• [WORK ORDER] From the first line to the last, retype everything below exactly, minus the pictures.

• [AVAILABLE DATA]
┌────────

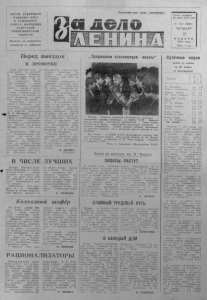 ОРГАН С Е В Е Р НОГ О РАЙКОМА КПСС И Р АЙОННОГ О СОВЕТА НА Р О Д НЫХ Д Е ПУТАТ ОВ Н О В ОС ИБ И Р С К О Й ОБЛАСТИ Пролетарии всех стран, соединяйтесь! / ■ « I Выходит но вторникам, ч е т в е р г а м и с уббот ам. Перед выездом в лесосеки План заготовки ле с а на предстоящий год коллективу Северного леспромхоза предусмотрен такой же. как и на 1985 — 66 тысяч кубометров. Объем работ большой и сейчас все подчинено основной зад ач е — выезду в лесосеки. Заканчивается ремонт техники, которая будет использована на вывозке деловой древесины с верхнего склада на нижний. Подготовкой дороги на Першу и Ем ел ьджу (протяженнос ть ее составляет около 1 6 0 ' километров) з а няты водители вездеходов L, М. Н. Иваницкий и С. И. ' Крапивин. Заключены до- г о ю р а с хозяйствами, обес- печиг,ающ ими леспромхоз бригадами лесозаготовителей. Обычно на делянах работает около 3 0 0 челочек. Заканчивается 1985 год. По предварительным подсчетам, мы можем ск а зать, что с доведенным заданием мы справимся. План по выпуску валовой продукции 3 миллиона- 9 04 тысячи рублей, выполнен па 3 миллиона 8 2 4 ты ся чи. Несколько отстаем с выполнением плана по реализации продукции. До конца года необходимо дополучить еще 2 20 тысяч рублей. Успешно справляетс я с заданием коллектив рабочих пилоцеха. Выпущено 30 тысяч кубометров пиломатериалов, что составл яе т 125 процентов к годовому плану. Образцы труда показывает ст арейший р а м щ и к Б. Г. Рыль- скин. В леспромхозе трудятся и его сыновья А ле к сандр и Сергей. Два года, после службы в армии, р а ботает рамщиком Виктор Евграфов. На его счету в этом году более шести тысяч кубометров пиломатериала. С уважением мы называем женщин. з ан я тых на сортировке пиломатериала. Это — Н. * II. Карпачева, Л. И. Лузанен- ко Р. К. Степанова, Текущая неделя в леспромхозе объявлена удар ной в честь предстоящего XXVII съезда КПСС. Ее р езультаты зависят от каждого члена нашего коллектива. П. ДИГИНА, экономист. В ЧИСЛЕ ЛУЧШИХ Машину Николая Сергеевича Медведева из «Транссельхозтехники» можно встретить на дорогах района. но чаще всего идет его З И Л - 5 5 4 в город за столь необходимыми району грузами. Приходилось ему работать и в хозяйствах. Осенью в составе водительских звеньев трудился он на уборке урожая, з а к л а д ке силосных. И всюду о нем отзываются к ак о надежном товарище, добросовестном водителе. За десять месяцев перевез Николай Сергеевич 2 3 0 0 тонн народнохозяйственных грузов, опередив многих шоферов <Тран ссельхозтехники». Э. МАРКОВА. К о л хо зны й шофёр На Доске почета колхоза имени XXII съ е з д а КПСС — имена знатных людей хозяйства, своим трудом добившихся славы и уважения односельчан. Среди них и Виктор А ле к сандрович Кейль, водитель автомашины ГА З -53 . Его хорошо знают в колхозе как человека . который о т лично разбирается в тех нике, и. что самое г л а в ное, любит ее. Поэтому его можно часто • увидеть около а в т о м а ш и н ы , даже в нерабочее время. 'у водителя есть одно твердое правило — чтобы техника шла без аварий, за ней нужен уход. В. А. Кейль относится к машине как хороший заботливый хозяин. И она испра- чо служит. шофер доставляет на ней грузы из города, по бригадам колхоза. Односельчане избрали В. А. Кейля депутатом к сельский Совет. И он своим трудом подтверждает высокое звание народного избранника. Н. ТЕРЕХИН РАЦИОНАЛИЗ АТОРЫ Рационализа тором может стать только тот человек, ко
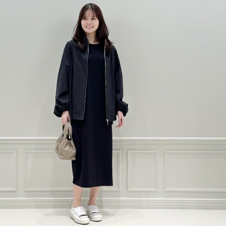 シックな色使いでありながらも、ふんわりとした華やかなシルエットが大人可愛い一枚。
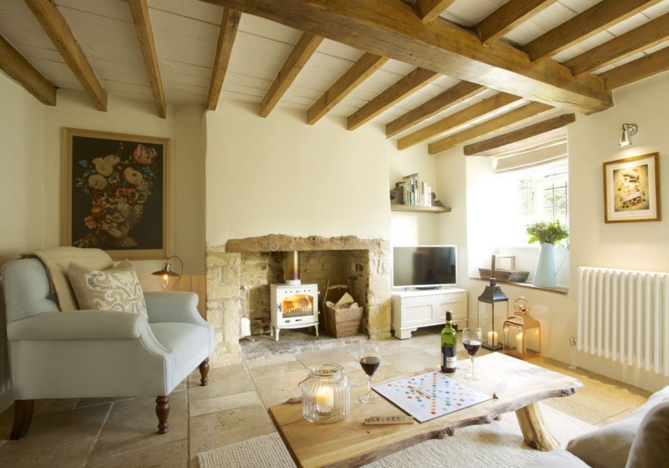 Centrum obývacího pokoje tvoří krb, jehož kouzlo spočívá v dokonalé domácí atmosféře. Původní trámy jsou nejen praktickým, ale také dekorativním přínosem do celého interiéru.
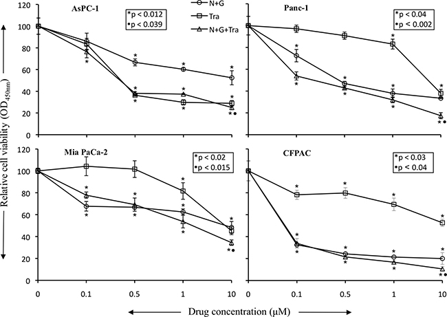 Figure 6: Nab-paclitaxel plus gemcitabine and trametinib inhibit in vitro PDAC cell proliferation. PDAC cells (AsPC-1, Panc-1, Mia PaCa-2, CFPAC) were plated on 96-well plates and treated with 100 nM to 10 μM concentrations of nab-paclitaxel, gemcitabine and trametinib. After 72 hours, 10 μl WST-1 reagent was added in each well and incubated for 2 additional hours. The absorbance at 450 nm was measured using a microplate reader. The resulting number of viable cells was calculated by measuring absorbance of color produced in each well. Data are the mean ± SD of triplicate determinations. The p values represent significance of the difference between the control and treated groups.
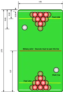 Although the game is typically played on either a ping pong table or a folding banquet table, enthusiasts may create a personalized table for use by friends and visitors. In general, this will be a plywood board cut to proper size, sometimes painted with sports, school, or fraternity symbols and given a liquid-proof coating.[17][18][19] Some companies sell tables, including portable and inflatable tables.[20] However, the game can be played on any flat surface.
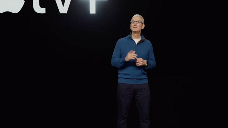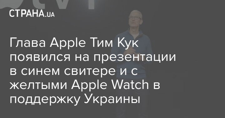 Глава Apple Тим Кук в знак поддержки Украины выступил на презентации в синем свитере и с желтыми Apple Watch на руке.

└────────

• [EXERCISE OUTPUT]
 ОРГАН С Е В Е Р НОГ О РАЙКОМА КПСС И Р АЙОННОГ О СОВЕТА НА Р О Д НЫХ Д Е ПУТАТ ОВ Н О В ОС ИБ И Р С К О Й ОБЛАСТИ Пролетарии всех стран, соединяйтесь! / ■ « I Выходит но вторникам, ч е т в е р г а м и с уббот ам. Перед выездом в лесосеки План заготовки ле с а на предстоящий год коллективу Северного леспромхоза предусмотрен такой же. как и на 1985 — 66 тысяч кубометров. Объем работ большой и сейчас все подчинено основной зад ач е — выезду в лесосеки. Заканчивается ремонт техники, которая будет использована на вывозке деловой древесины с верхнего склада на нижний. Подготовкой дороги на Першу и Ем ел ьджу (протяженнос ть ее составляет около 1 6 0 ' километров) з а няты водители вездеходов L, М. Н. Иваницкий и С. И. ' Крапивин. Заключены до- г о ю р а с хозяйствами, обес- печиг,ающ ими леспромхоз бригадами лесозаготовителей. Обычно на делянах работает около 3 0 0 челочек. Заканчивается 1985 год. По предварительным подсчетам, мы можем ск а зать, что с доведенным заданием мы справимся. План по выпуску валовой продукции 3 миллиона- 9 04 тысячи рублей, выполнен па 3 миллиона 8 2 4 ты ся чи. Несколько отстаем с выполнением плана по реализации продукции. До конца года необходимо дополучить еще 2 20 тысяч рублей. Успешно справляетс я с заданием коллектив рабочих пилоцеха. Выпущено 30 тысяч кубометров пиломатериалов, что составл яе т 125 процентов к годовому плану. Образцы труда показывает ст арейший р а м щ и к Б. Г. Рыль- скин. В леспромхозе трудятся и его сыновья А ле к сандр и Сергей. Два года, после службы в армии, р а ботает рамщиком Виктор Евграфов. На его счету в этом году более шести тысяч кубометров пиломатериала. С уважением мы называем женщин. з ан я тых на сортировке пиломатериала. Это — Н. * II. Карпачева, Л. И. Лузанен- ко Р. К. Степанова, Текущая неделя в леспромхозе объявлена удар ной в честь предстоящего XXVII съезда КПСС. Ее р езультаты зависят от каждого члена нашего коллектива. П. ДИГИНА, экономист. В ЧИСЛЕ ЛУЧШИХ Машину Николая Сергеевича Медведева из «Транссельхозтехники» можно встретить на дорогах района. но чаще всего идет его З И Л - 5 5 4 в город за столь необходимыми району грузами. Приходилось ему работать и в хозяйствах. Осенью в составе водительских звеньев трудился он на уборке урожая, з а к л а д ке силосных. И всюду о нем отзываются к ак о надежном товарище, добросовестном водителе. За десять месяцев перевез Николай Сергеевич 2 3 0 0 тонн народнохозяйственных грузов, опередив многих шоферов <Тран ссельхозтехники». Э. МАРКОВА. К о л хо зны й шофёр На Доске почета колхоза имени XXII съ е з д а КПСС — имена знатных людей хозяйства, своим трудом добившихся славы и уважения односельчан. Среди них и Виктор А ле к сандрович Кейль, водитель автомашины ГА З -53 . Его хорошо знают в колхозе как человека . который о т лично разбирается в тех нике, и. что самое г л а в ное, любит ее. Поэтому его можно часто • увидеть около а в т о м а ш и н ы , даже в нерабочее время. 'у водителя есть одно твердое правило — чтобы техника шла без аварий, за ней нужен уход. В. А. Кейль относится к машине как хороший заботливый хозяин. И она испра- чо служит. шофер доставляет на ней грузы из города, по бригадам колхоза. Односельчане избрали В. А. Кейля депутатом к сельский Совет. И он своим трудом подтверждает высокое звание народного избранника. Н. ТЕРЕХИН РАЦИОНАЛИЗ АТОРЫ Рационализа тором может стать только тот человек, ко
 シックな色使いでありながらも、ふんわりとした華やかなシルエットが大人可愛い一枚。
 Centrum obývacího pokoje tvoří krb, jehož kouzlo spočívá v dokonalé domácí atmosféře. Původní trámy jsou nejen praktickým, ale také dekorativním přínosem do celého interiéru.
 Figure 6: Nab-paclitaxel plus gemcitabine and trametinib inhibit in vitro PDAC cell proliferation. PDAC cells (AsPC-1, Panc-1, Mia PaCa-2, CFPAC) were plated on 96-well plates and treated with 100 nM to 10 μM concentrations of nab-paclitaxel, gemcitabine and trametinib. After 72 hours, 10 μl WST-1 reagent was added in each well and incubated for 2 additional hours. The absorbance at 450 nm was measured using a microplate reader. The resulting number of viable cells was calculated by measuring absorbance of color produced in each well. Data are the mean ± SD of triplicate determinations. The p values represent significance of the difference between the control and treated groups.
 Although the game is typically played on either a ping pong table or a folding banquet table, enthusiasts may create a personalized table for use by friends and visitors. In general, this will be a plywood board cut to proper size, sometimes painted with sports, school, or fraternity symbols and given a liquid-proof coating.[17][18][19] Some companies sell tables, including portable and inflatable tables.[20] However, the game can be played on any flat surface.
 Глава Apple Тим Кук в знак поддержки Украины выступил на презентации в синем свитере и с желтыми Apple Watch на руке.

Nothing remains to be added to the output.